Aim of the exercise:
Give a verbatim copy of the lines below, minus the pictures.

Recorded data:
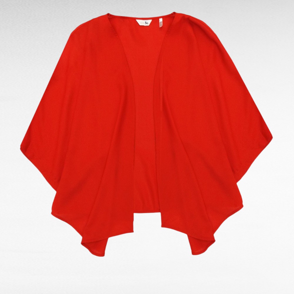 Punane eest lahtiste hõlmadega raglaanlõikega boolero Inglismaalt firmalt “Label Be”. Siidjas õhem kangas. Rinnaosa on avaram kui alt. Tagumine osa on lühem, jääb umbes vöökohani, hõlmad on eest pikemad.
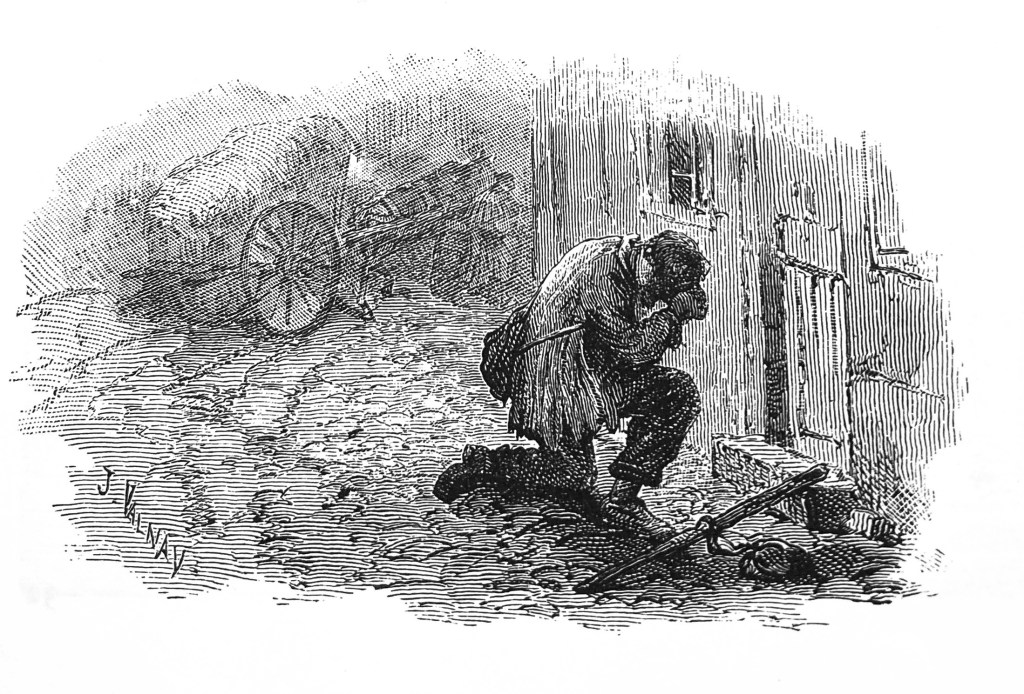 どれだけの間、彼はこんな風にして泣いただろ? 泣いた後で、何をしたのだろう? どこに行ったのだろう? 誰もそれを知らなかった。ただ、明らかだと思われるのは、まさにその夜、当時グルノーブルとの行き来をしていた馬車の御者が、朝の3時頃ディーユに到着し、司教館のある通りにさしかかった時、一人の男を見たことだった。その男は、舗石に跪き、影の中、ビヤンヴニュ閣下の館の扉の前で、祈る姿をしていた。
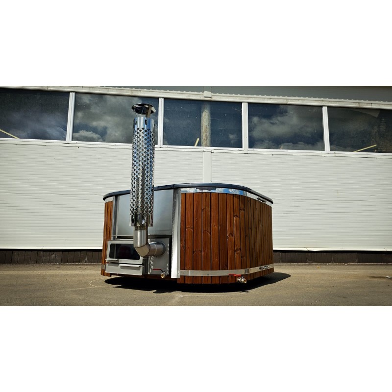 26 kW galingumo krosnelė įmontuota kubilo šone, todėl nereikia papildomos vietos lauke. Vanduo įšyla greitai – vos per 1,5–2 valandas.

Exercise answer:
 Punane eest lahtiste hõlmadega raglaanlõikega boolero Inglismaalt firmalt “Label Be”. Siidjas õhem kangas. Rinnaosa on avaram kui alt. Tagumine osa on lühem, jääb umbes vöökohani, hõlmad on eest pikemad.
 どれだけの間、彼はこんな風にして泣いただろ? 泣いた後で、何をしたのだろう? どこに行ったのだろう? 誰もそれを知らなかった。ただ、明らかだと思われるのは、まさにその夜、当時グルノーブルとの行き来をしていた馬車の御者が、朝の3時頃ディーユに到着し、司教館のある通りにさしかかった時、一人の男を見たことだった。その男は、舗石に跪き、影の中、ビヤンヴニュ閣下の館の扉の前で、祈る姿をしていた。
 26 kW galingumo krosnelė įmontuota kubilo šone, todėl nereikia papildomos vietos lauke. Vanduo įšyla greitai – vos per 1,5–2 valandas.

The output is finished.